Hilyat al-Muttaqin (Persian: حلیه المتقین)
- Front cover of Hilyat al-Muttaqin
- Author: Muhammad Baqir al-Majlisi
- Language: Persian
- Media type: Book

= Hilyat al-Muttaqin =

Book by Muḥammad Bāqir Ibn-Muḥammad Taqī Maǧlisī

Hilyat al-Muttaqin (The Cloak for the Pious, حلیه المتقین) is a Hadith book of Muhammad Baqir al-Majlisi. This work is written in Persian about Islamic morality, instructions and traditions. It was translated into English by Sayyid Athar Husayn S.H. Rizvi and published by Ansariyan Publications in 2013.

== The aim of writing ==
According to book's foreword, it was written because of a group of Muslims asked Majlisi to write a Persian book in the Islamic morality, instructions and traditions from the hadith of Ahl al-Bayt.

== Date of writing ==
According to a manuscript, the date of writing of this work is 1671, But in another book has been mentioned to 1668-9.
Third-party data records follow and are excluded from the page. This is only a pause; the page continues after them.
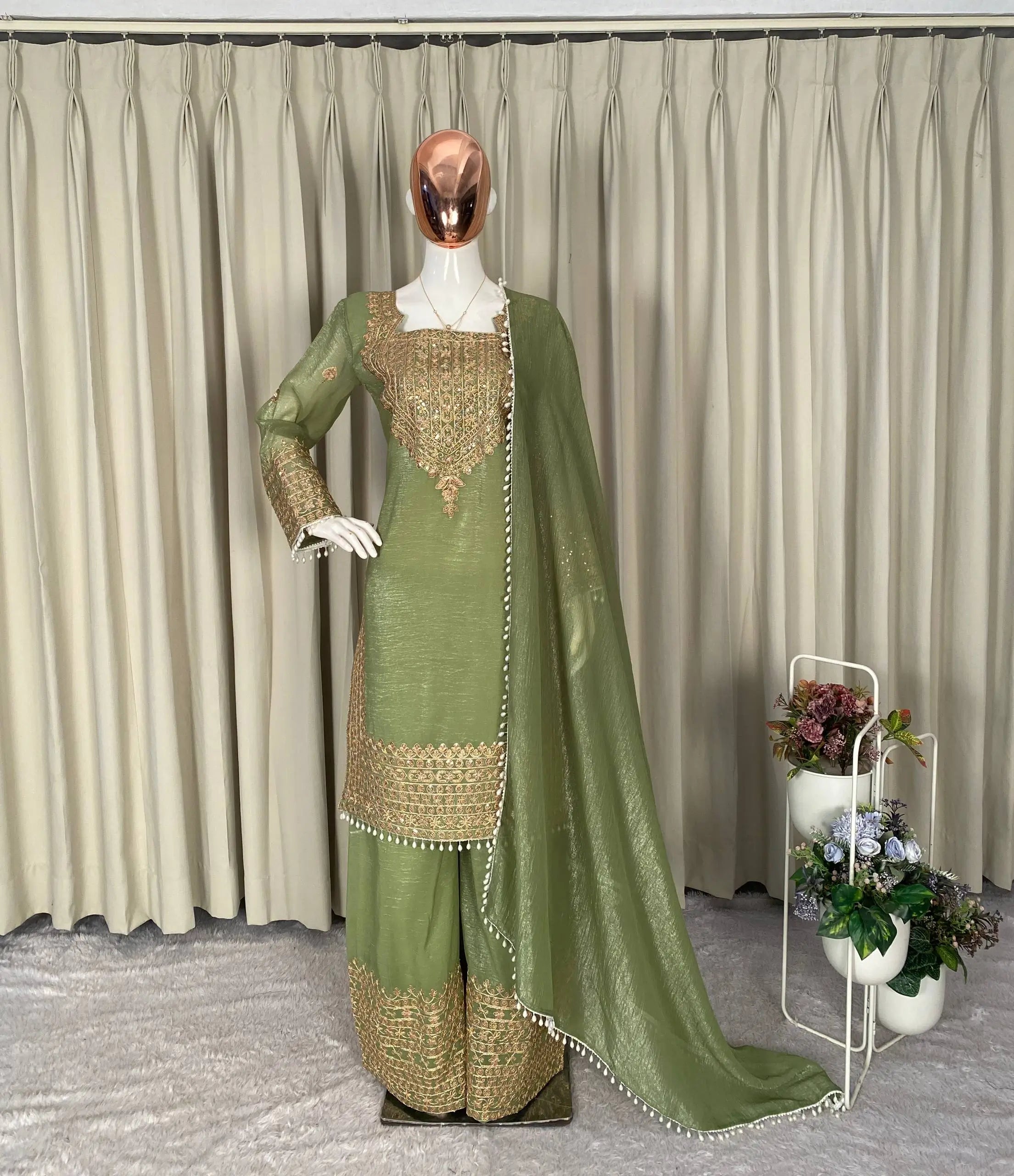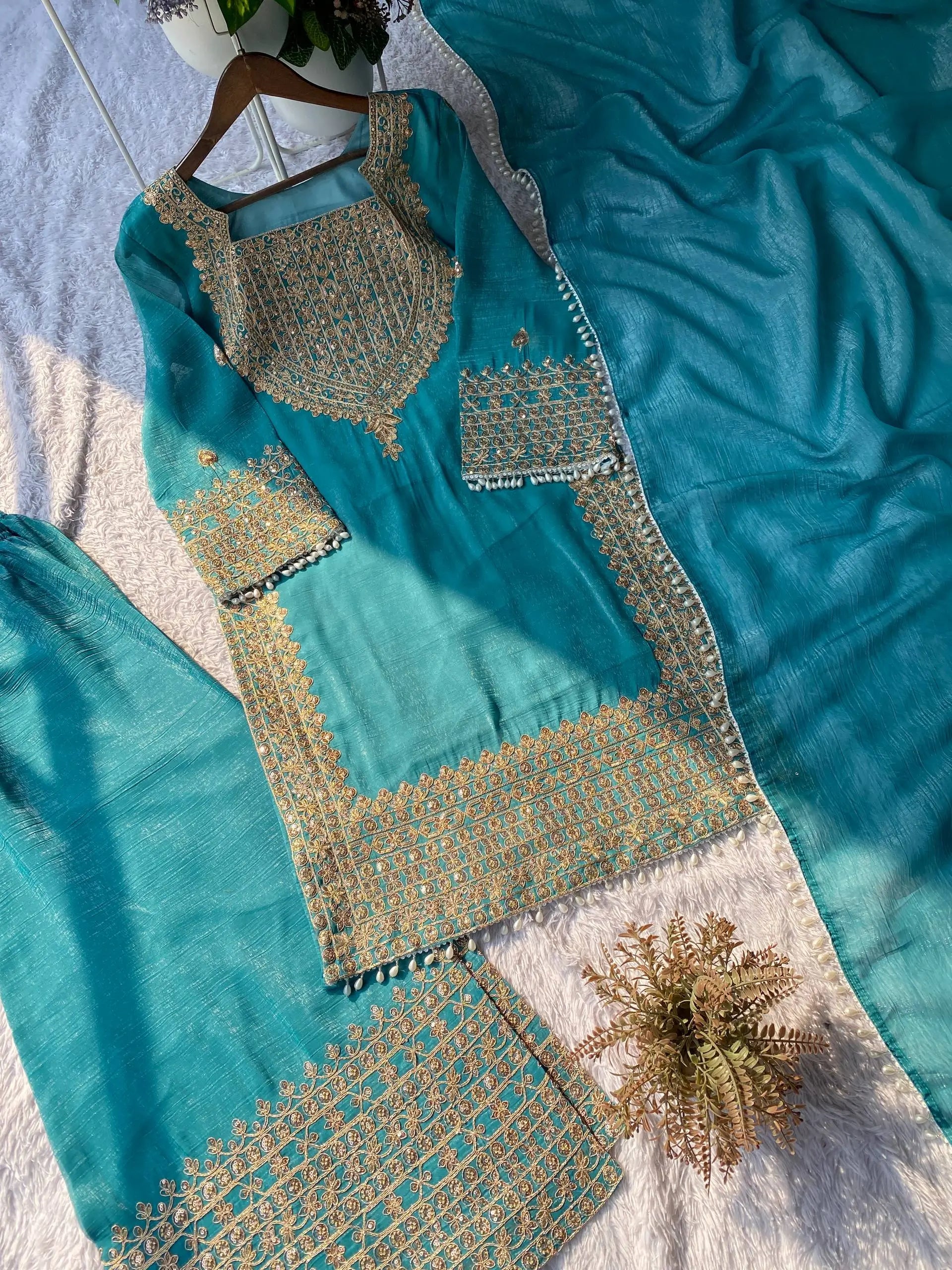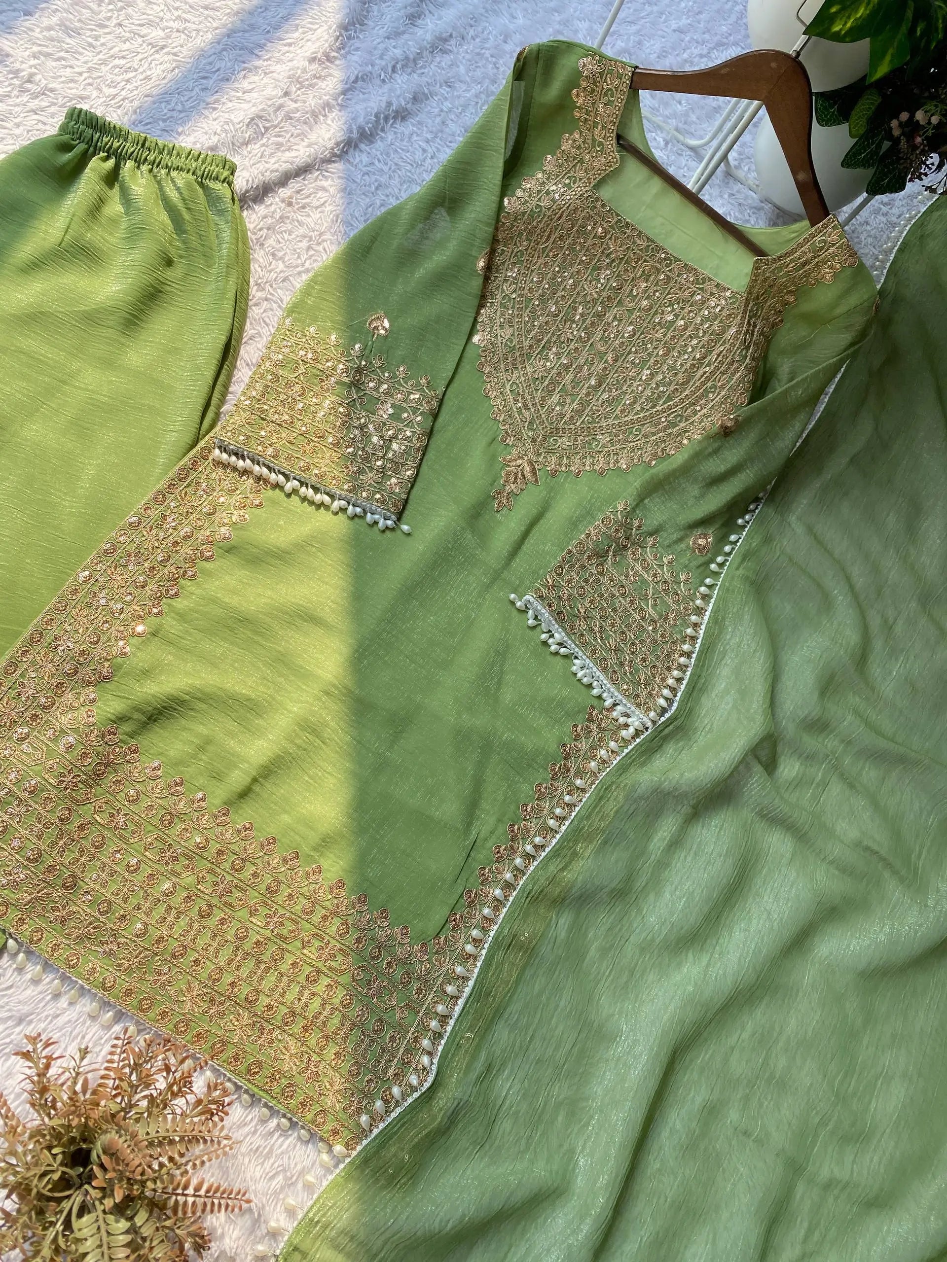 • Premium crunchy fabric for kurta, palazzo, and dupatta
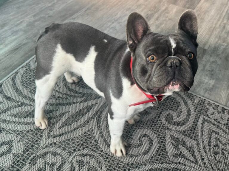 We are pleased to introduce Admiral into our breeding program. As you can see, he is a very handsome boy out of Shazam and Sloane, with excellent conformation, to go along with his sweet and playful disposition. He is also the grandson of Groot, so you can see where he gets his wonderful qualities. Since he is a pure blue pied, who also carries cream, brindle, and chocolate, he can produce virtually every color that Frenchies come in depending on who we breed him to. We are very excited to see the gorgeous puppies he produces.
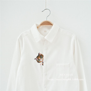 高品質(zhì)秋冬新款加厚牛津紡卡通刺繡襯衣森女秋冬白襯衫女初語同款 /
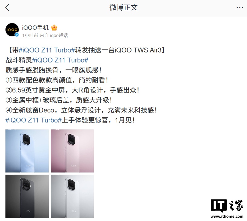 IT之家 12 月 30 日消息,iQOO 手机官方今日公布了 iQOO Z11 Turbo 四款配色的外观,包括沧浪浮光、光晕粉、极夜黑、天光白,新机将在明年 1 月发布。
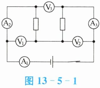 例2 图13-5-1所示的电路中,三个电压表示数$U_1、$$U_2、$$U_3$的关系是
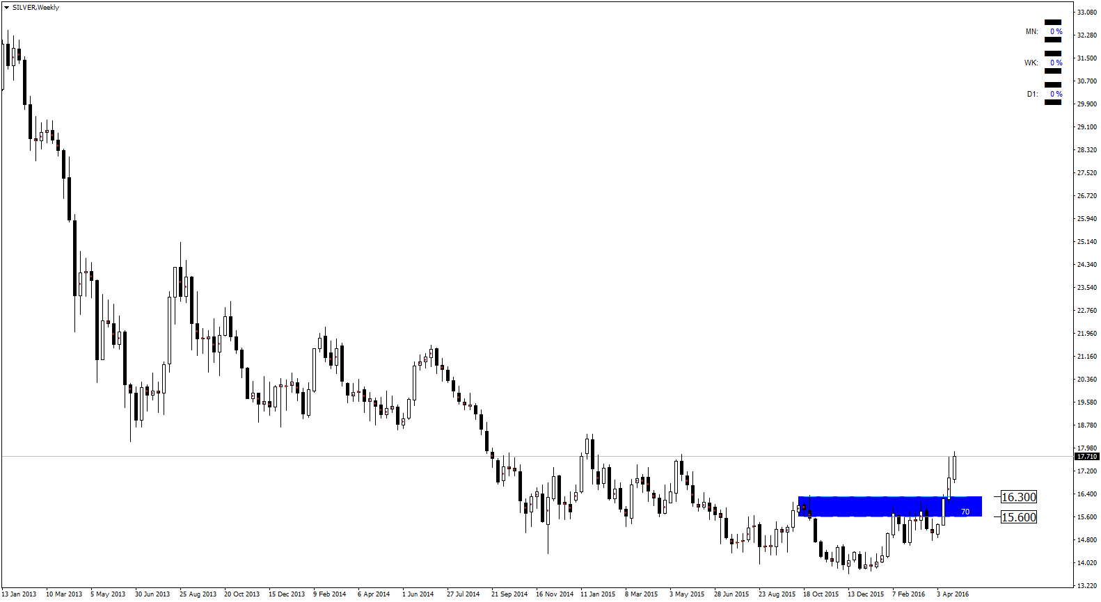 Srebro przez ostatnie 4 tygodnie mogło nas zaskoczyć. Z 15USD do 17 USD, jest to naprawdę imponujący wzrost. Przez ostatnie 4 tygodnie srebro w relacji procentowej podrożało o wiele bardziej niż złoto, ponieważ wskaźnik gold/silver znajduje się na bardzo wysokich poziomach.Kontynuacja wzrostów jest bardzo prawdopodobna. Ostatni raport COT (commitment of traders) wskazuje na to, że fundusze hedgingowe, inwestycyjne oraz zarządzający środkami w dalszym ciągu skupują srebro oraz inne metale.
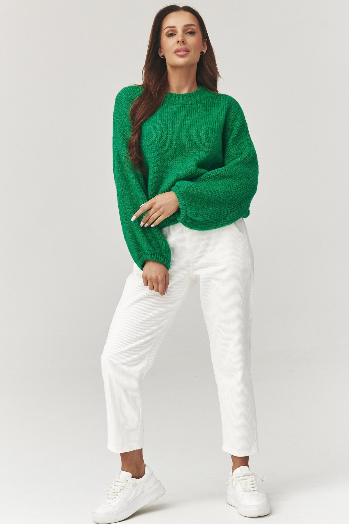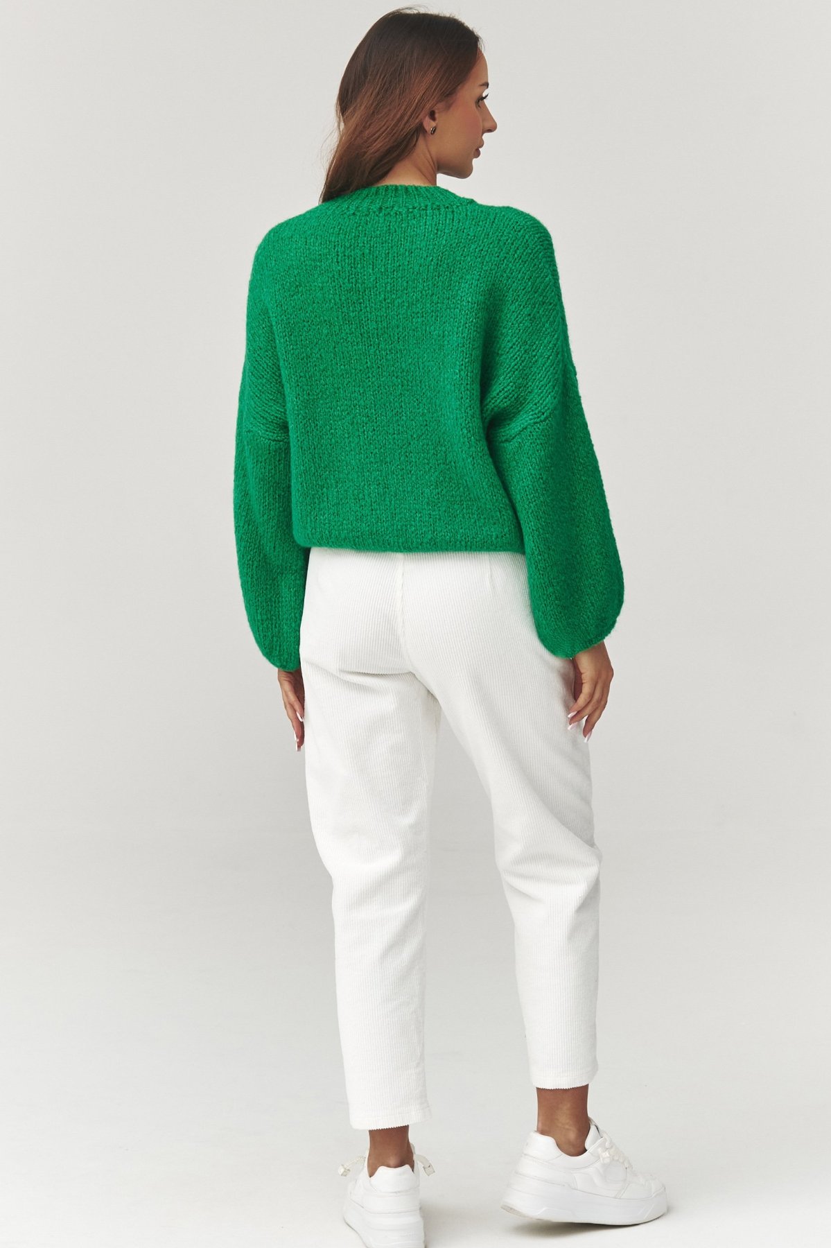 Dámský svetr v zeleném odstínu je dokonalým spojením pohodlí a ženské elegance. Jeho volný oversize střih lichotí různým typům postavy a poskytuje naprostou volnost pohybu. Vyroben z měkkého, hřejivého materiálu, příjemně zahřeje v chladnějších dnech a zároveň je prodyšný. Klasický kulatý výstřih a minimalistický design umožňují snadné kombinování – svetr se skvěle hodí k džínům, legínám i sukním. Univerzální velikost se krásně přizpůsobí postavě a vytvoří moderní, ležérní siluetu. Tento model je ideální pro každodenní outfit i víkendový odpočinek – stylový, měkký a nesmírně komfortní.
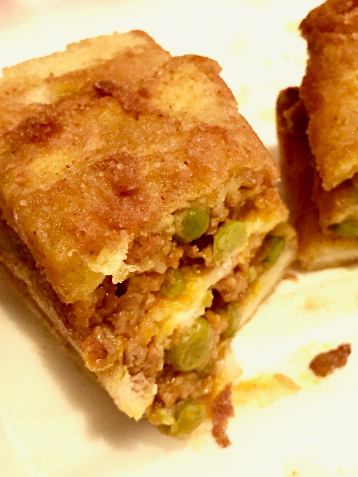 Quando avrete tutti gli ingredienti pronti, bagnare le fette di pane nel latte e preparare gli “spitini” infilzando alternativamente gli ingredienti (con stecche da spiedo in bamboo) in questo ordine: fetta di pane inumidita con il latte, una polpetta di ragù e altra fetta di pane. Alla fine lo “spitino” sarà composto da tre fette di pane alternate da due polpette di ragù.Accorciare le stecche di bamboo (potrete maneggiarli meglio), quindi passare gli “spitini” nella farina, poi nell’uovo battuto con un pizzico di sale e infine nel pangrattato. Procedere ancora ripassando gli “spitini” ad uovo battuto e, concludendo, nel pangrattato (doppia impanatura).
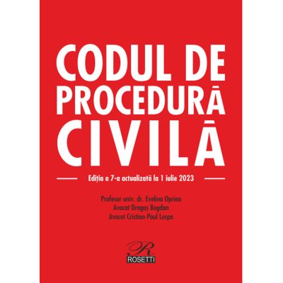 Codul de procedura civila editia iulie 2023 include - decizia ICCJ RIL nr. 1 2023 publicata in M. Of. nr. 337 din 21 aprilie 2023 - decizia ICCJ RIL nr. 10 2023 Comunicat din 19 iunie 2023 - decizia ICCJ RIL nr. 11 2023 Comunicat din 19 iunie 2023 - decizia ICCJ RIL nr. 4 2023 publicata in M. Of. nr. 575 din 26 iunie 2023 - decizia ICCJ RIL nr. 6 2023 publicata in M. Of. nr. 597 din 30 iunie 2023 In anexa este inclusa Legea nr. 554 2004 a contenciosului administrativ actualizata prin - Legea nr. 84 2023 publicata in M. Of. nr. 294 din 7 aprilie 2023 rectificata in M. Of. nr. 362 din 27 aprilie 2023 Rectificarea nr. 84 2023 - Legea nr. 102 2023 publicata in M. Of. nr. 322 din 18 aprilie 2023 - decizia ICCJ RIL nr. 3 2023 publicata in M. Of. nr. 542 din 16 iunie 2023 - decizia ICCJ HP nr. 20 2023 publicata in M. Of. nr. 597 din 27 iunie 2023Specificatii
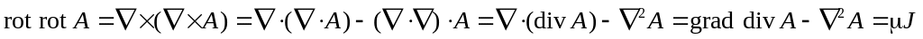 Рассмотрим последнее уравнение, используя векторный оператор Гамильтона (в декартовой системе координат). Преобразуем левую часть уравнения, применяя формулу для двойного векторного произведения:
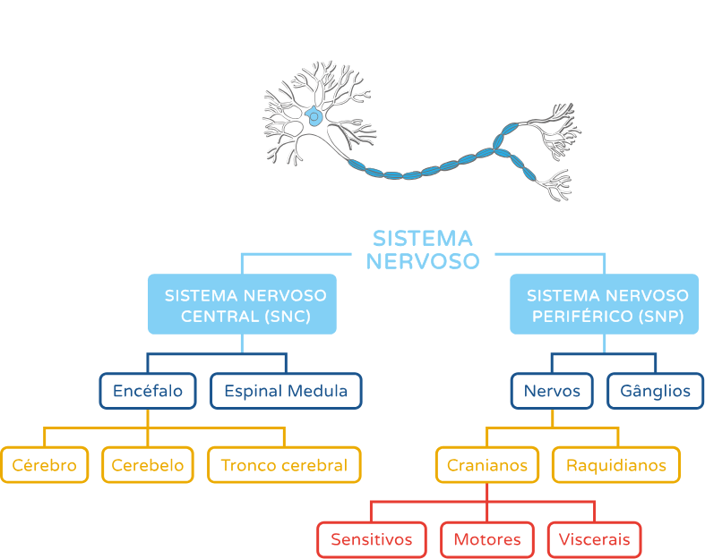 O sistema nervoso é composto por dois subsistemas interligados, que coordenam a informação entre o exterior e o corpo, o sistema nervoso central (SNC) e o sistema nervoso periférico (SNP).
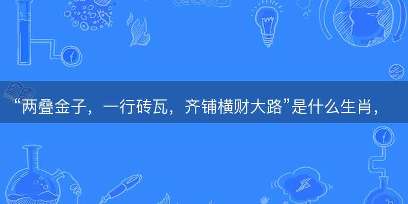 “两叠金子,一行砖瓦,齐铺横财大路”成语解释1,“两叠金子,一行砖瓦,齐铺横财大路”并成语解释意义上的成语,相反一个富有象征意义和想象力的表达了。小编将尝试从这一表达中提炼出与生肖相关的元素,并结合、进行详细解读,以增加其趣味性和可读性。
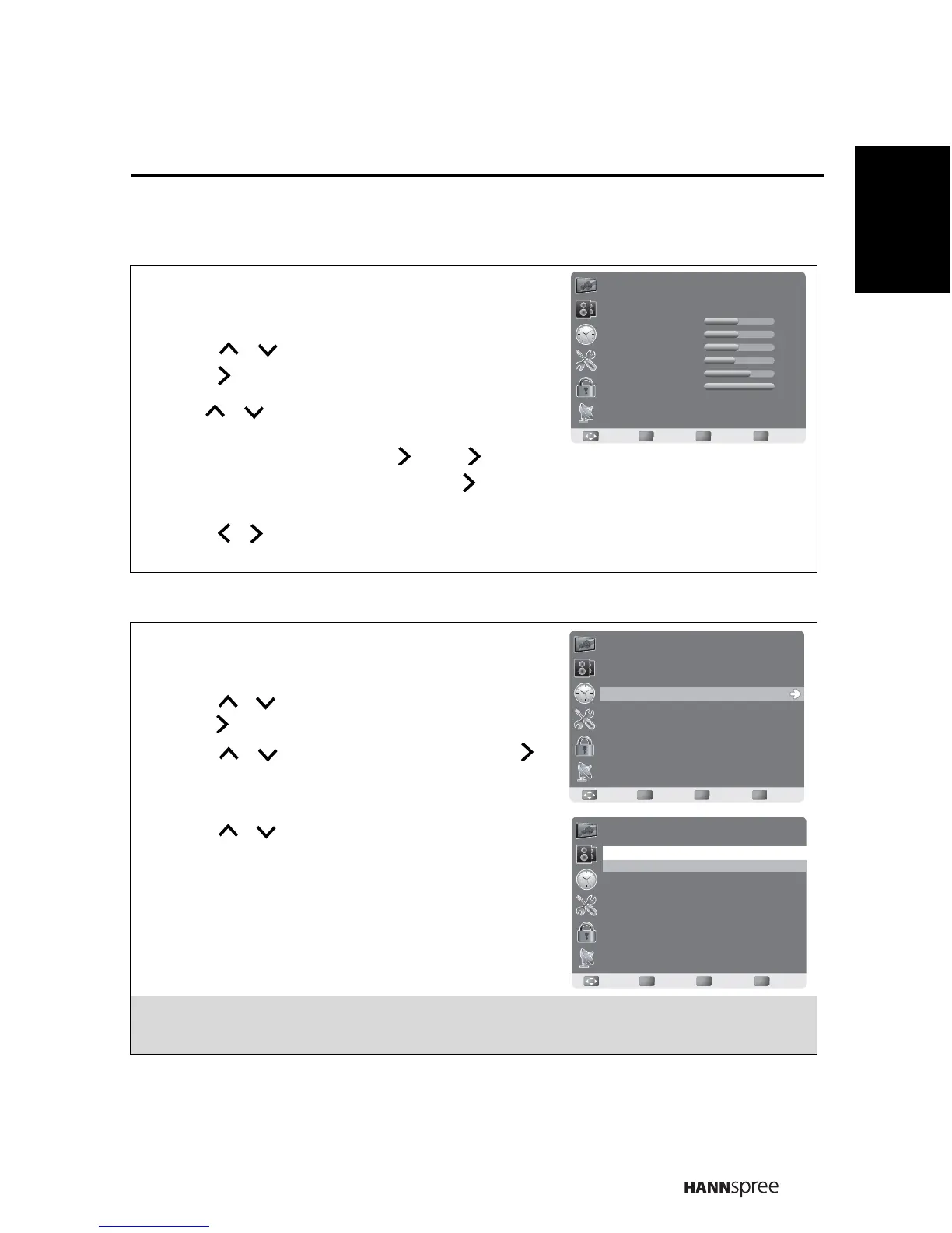 6 Press / to adjust or select the settings.
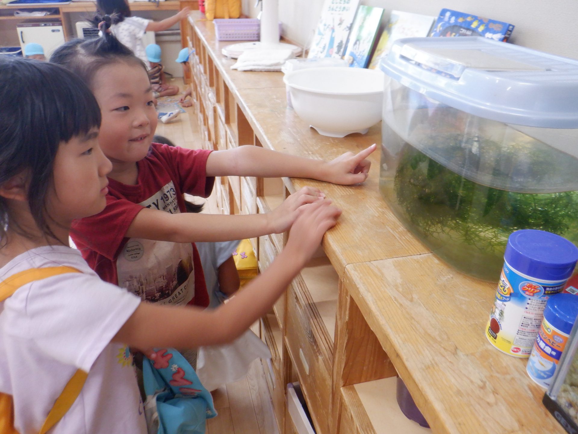 飼育を通して命の誕生を見ることができ、それを大切にしたいという子どもたちの思いが伝わってきました。 常に部屋の中にあることで、身近に変化を見ることができ、子どもたちの中に様々な考えや思いが出てきているように思います。 メダカの家族はもう少し増えそうなので、この先もまだまだ子どもたちと楽しんで観察していきたいと思います。

== Content and chapters ==
The book has 14 chapters about individual and collective morality and some Fiqh rulings, Duas and practices and had an extra chapter about some etiquette miscellaneous and their benefits. The titles of chapters are mentioned below:
- Etiquette of clothing,
- Etiquette of using jewellery for men and women, using Kohl, dyeing with henna and looking in the mirror,
- Etiquette of eating and drinking,
- Worthiness of marriage, etiquette of socializing with women and training children,
- Etiquette of brushing teeth, heckling the hairs, cropping the nails, mustache and hair, etc.
- Etiquette of perfuming, smelling flowers and anointing,
- Etiquette of bathing and some ghusls,
- Etiquette of sleeping and waking,
- Etiquette of Hijama, Enema, benefits of some drugs, treating some diseases and mentioning some related duas,
- Etiquette with people and the rights of guilds,
- Etiquette of meetings such as hailing, shaking hands, hugging, kissing, etc.
- Etiquette of entering and going out the home,
- Etiquette of going on foot, riding, buying, trading, agriculture, and keeping beasts,
- Etiquette of traveling
- Some etiquette miscellaneous and their benefits.